Negotiating shared responsibility for community information

This week’s Interviews with Innovators show is a conversation with Raymond Yee, author of the recently-published Pro Web 2.0 Mashups.

The book is chock full of good examples. Even if you’re an experienced developer of mashups that involve Flickr, del.icio.us, Eventful, and the various mapping services, you’ll learn helpful strategies for using these services individually and in combination.

What we wound up mostly talking about, though, is the vast space of information that’s not currently available to be mashed up. That might be because the information isn’t online at all, or because it isn’t online in a form that’s tractable.

As a kind of social experiment I’ve been tackling this problem in my local community, with particular emphasis on calendar information. In this week’s interview, Raymond talks about tackling the same kind of problem with emphasis on geographic information. Both cases can exemplify a pattern that I’m calling shared responsibility.

Consider, for example, the public library. It hosts a variety of events, some of which are its own (children’s story hour) and some of which aren’t (an AA meeting). Who’s responsible for putting these events onto the library’s public calendar?

Clearly the library should publish its own events. But it needn’t necessarily feel obliged to publish other organizations’ events. In the case of AA meetings, for example, the library is only one of about a dozen venues around town. Shouldn’t AA publish its events to those venues?

We have the tools and services now to enable this kind of small-pieces-loosely-joined approach. In this case, acting as a proxy for AA, I published its regular meetings to Eventful. One of those meetings happens at the public library. So now when you visit the combined calendar, events at the library show up from multiple sources.
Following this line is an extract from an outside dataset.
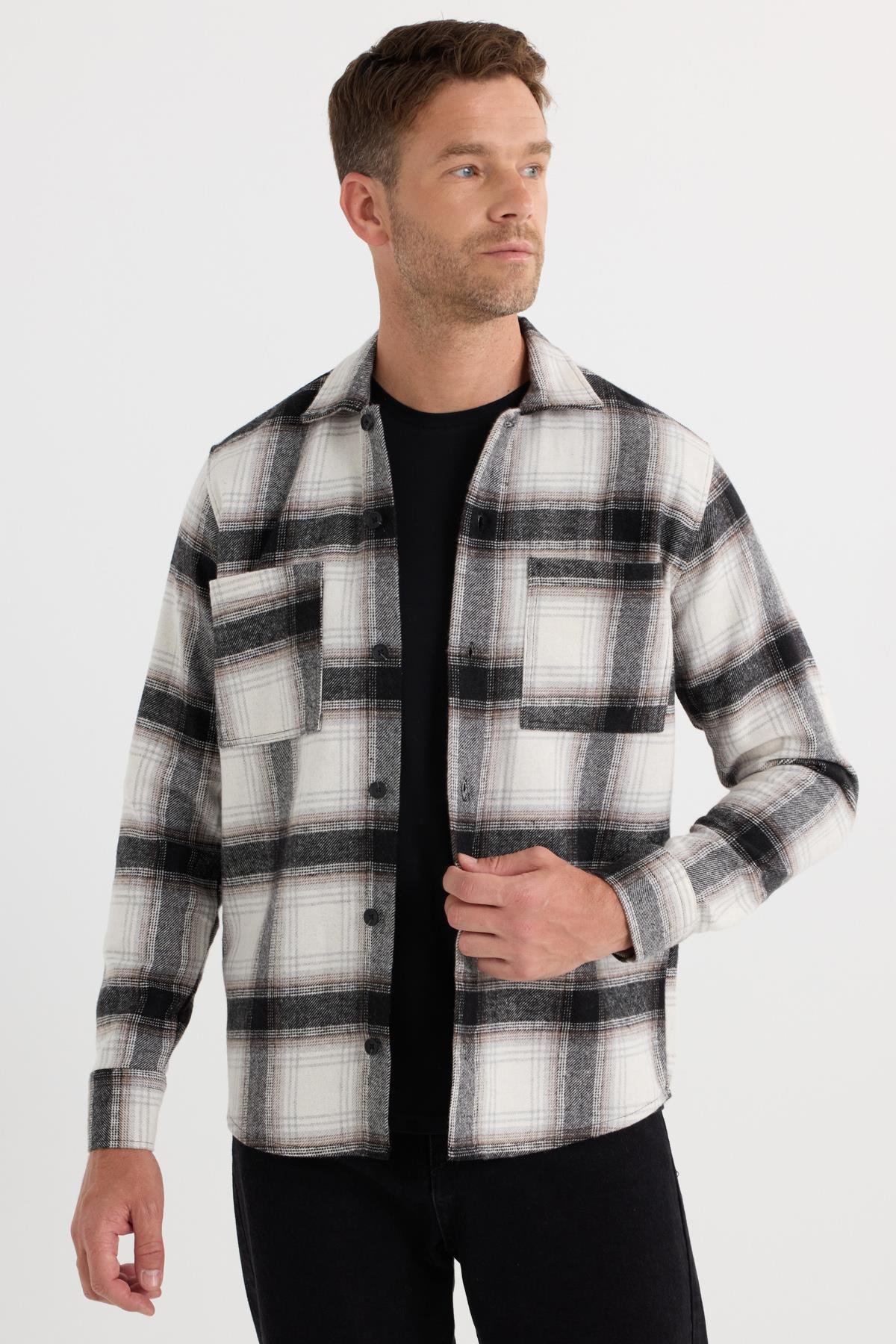 Erkek Regular Fit Normal Kesim Çift Cepli Kışlık Oduncu Kareli Gömlek (KL250014-1169)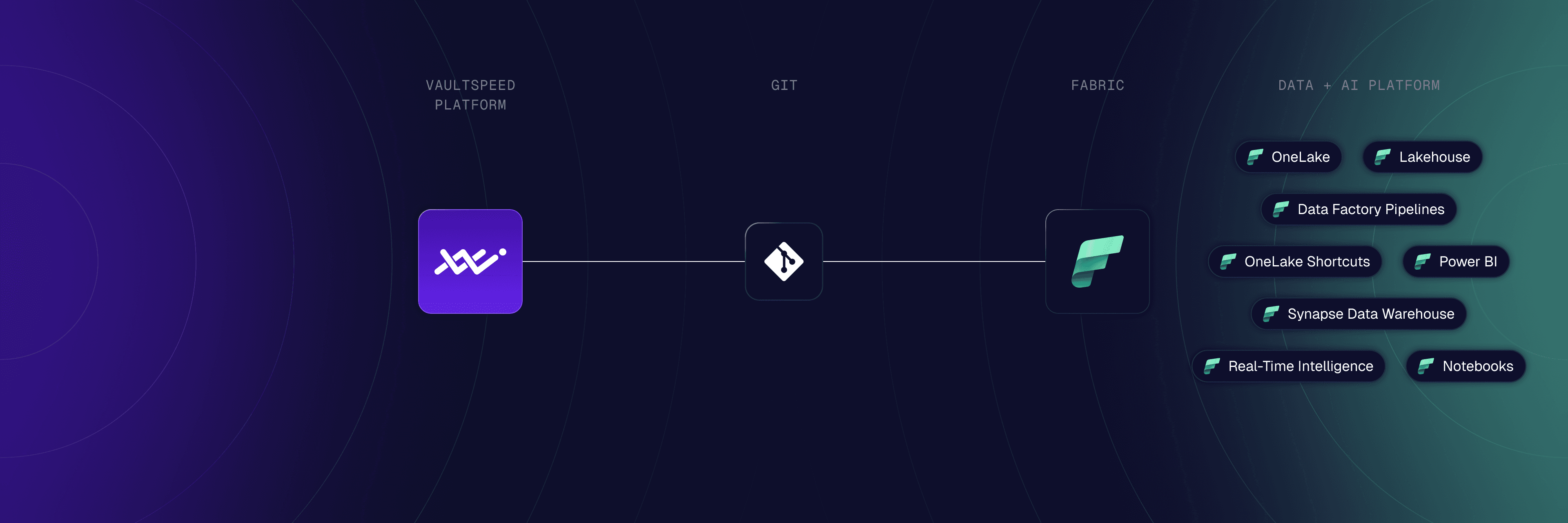 VaultSpeed generates and manages Fabric-native transformation artifacts end-to-end, combining unified analytics execution with centralized metadata control.

One is clearly identified with the library itself, others are identified with the various groups using the library.

Of course nothing prevents the library from choosing to authoritatively publish all of the events that it hosts. But it’s useful to show how that can be a choice, not an obligation. If we take a decentralized, small-pieces-loosely-joined approach, information management chores that look insurmountable can turn out not to be.

A conversation with Ray Ozzie about Live Mesh

Ray Ozzie joined me for this week’s Perspectives show. It’s available there as audio plus a text transcript, and you can also watch the video on Channel 9.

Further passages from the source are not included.